Zayn Garrett hadn’t slept.
Not real sleep.
The kind where you wake up and your chest doesn’t feel like it’s still carrying crates.
He’d driven three hours for a job interview he couldn’t afford to miss, and he’d brought the only person he trusted in the world:
Bridget. Seven years old.
Small backpack. Bigger eyes. The kind of child who watches adults like she’s been let down before.

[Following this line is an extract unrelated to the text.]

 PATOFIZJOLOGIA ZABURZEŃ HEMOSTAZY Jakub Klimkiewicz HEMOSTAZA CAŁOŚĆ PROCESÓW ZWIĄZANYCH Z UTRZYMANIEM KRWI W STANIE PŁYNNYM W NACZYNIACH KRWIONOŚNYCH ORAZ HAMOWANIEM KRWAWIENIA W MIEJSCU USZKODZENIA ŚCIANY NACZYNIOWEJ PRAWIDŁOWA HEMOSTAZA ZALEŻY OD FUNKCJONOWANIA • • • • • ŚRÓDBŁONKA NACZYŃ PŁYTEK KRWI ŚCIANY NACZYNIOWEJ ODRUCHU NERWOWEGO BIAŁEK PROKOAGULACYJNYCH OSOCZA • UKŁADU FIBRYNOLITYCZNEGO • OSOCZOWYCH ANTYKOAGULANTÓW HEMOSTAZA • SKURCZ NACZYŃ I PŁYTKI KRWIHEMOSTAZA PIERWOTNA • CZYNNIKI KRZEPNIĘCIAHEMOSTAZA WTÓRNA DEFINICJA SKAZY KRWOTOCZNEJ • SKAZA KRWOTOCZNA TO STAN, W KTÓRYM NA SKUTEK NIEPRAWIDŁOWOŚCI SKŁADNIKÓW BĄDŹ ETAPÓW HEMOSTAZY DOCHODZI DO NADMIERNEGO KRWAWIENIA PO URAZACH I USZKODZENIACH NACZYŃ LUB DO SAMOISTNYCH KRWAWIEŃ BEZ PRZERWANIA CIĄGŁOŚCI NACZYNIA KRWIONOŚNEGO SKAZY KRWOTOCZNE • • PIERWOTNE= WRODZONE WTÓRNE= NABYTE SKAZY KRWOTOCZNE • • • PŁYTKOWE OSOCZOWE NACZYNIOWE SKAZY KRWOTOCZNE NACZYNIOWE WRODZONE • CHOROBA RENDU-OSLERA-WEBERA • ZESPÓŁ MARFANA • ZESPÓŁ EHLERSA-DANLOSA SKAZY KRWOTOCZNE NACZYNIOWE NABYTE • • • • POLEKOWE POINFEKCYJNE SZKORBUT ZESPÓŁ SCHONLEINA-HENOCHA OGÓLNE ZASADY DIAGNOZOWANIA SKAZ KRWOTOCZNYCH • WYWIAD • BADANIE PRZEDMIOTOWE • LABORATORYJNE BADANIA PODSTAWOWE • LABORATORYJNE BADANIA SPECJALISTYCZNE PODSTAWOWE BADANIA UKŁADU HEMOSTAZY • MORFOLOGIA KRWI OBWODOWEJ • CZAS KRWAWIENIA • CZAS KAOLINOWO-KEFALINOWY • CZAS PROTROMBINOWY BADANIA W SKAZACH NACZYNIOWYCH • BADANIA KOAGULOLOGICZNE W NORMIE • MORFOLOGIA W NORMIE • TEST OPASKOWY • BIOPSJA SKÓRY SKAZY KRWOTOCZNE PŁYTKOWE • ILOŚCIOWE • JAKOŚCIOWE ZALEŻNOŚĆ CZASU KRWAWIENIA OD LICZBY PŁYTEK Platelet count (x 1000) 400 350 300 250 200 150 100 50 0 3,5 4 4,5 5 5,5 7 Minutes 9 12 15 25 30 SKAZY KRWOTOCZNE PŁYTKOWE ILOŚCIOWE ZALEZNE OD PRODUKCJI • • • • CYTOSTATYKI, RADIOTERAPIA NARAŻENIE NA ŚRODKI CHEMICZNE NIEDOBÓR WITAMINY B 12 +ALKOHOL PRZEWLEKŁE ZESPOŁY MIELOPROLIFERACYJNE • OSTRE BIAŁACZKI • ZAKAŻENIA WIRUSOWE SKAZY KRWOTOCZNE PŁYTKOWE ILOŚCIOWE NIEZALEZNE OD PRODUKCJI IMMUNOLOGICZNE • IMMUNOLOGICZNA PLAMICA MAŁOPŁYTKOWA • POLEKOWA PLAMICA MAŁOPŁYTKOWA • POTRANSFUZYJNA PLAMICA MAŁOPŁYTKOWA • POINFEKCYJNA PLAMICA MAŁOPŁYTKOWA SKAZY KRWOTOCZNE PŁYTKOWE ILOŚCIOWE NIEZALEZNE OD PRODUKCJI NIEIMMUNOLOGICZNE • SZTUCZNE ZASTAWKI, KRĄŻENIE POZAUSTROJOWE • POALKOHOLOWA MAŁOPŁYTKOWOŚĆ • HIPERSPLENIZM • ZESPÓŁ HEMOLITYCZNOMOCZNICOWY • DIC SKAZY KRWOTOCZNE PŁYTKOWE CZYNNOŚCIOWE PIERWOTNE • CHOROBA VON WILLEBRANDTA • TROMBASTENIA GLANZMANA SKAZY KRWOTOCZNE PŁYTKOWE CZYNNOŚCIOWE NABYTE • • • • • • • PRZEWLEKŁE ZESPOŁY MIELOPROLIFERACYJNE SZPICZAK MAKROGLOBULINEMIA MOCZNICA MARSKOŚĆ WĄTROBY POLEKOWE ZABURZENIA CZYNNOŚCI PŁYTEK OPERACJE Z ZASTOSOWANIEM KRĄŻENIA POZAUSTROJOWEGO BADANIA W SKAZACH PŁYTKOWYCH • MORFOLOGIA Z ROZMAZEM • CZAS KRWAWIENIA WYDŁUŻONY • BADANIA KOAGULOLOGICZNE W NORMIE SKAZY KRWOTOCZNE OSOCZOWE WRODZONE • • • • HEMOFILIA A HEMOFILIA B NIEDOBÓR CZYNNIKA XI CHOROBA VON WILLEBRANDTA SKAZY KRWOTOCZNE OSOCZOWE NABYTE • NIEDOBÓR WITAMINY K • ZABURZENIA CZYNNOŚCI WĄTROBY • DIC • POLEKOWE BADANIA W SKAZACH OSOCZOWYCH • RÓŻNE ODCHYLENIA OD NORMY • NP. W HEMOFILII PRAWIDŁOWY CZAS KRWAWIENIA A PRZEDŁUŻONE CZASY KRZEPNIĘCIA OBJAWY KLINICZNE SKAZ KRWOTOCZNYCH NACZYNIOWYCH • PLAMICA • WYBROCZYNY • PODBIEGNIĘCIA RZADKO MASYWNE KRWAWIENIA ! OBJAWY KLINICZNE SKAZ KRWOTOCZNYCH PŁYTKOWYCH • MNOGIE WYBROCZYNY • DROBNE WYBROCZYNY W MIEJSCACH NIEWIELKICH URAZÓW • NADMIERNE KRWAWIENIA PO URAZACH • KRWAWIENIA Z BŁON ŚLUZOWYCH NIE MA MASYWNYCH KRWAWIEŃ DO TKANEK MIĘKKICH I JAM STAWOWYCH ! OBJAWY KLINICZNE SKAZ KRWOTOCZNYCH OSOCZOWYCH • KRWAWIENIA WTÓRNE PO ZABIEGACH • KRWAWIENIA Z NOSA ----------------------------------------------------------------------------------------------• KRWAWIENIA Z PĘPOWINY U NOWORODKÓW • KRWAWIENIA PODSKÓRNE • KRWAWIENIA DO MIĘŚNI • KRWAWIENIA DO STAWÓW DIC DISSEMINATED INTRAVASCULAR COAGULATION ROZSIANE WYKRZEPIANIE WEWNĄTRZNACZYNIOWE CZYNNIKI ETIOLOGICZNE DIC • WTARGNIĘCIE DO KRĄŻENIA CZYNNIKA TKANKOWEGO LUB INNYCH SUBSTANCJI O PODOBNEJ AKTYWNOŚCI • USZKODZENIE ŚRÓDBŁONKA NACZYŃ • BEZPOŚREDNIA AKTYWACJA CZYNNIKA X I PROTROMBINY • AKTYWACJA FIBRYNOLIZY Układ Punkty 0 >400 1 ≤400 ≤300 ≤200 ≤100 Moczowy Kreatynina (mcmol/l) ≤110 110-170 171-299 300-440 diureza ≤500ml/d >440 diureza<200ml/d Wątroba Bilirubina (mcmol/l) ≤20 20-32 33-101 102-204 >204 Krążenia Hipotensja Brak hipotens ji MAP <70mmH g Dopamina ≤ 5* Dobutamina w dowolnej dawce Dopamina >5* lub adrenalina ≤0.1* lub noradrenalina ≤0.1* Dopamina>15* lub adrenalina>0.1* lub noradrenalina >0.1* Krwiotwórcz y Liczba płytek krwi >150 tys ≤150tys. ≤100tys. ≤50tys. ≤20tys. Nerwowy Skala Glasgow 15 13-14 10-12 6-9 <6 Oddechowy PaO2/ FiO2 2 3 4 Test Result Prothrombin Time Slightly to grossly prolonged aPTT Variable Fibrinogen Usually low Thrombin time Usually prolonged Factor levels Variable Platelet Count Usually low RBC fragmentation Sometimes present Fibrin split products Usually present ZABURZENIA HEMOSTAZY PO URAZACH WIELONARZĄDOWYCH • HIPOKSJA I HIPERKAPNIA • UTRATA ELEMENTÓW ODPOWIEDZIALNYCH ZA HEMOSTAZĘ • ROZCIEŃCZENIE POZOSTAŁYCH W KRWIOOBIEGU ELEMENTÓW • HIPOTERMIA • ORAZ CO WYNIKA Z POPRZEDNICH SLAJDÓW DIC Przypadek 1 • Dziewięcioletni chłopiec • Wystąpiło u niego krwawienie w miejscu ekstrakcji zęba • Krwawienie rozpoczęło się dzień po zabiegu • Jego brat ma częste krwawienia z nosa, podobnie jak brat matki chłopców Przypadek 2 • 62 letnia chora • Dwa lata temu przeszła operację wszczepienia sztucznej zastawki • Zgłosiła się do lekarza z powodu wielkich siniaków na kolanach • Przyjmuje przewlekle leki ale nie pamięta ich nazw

At the front desk, Zayn kept it polite.
“Just checking in. Name’s Garrett.”
The clerk smiled too widely, typed too fast, then slid a keycard across the counter like it weighed nothing.
“Suite 1809. Enjoy your stay.”
Zayn blinked.
He didn’t look like Suite 1809.
He looked like someone who had to count gas money.
But he didn’t question it. He couldn’t.
Not when his daughter was rubbing her eyes and he was trying to pretend everything was fine.
They rode up in silence.
Bridget leaned against him, half asleep.
Zayn whispered, “We’ll get the job. Then it’s just… easier.”
She nodded like she wanted to believe him.
He swiped the card.
The door unlocked.
And his life split in half.
PART 2
The suite wasn’t a room. It was a weapon.
Glass walls. A city skyline. A table laid out like a negotiation.
And standing in the center, barefoot on marble, phone pressed to her ear like she was holding the world together by force—
Matilda Hart.
Thirty-four. CEO. The kind of name that lived on buildings.
Her eyes snapped to Zayn.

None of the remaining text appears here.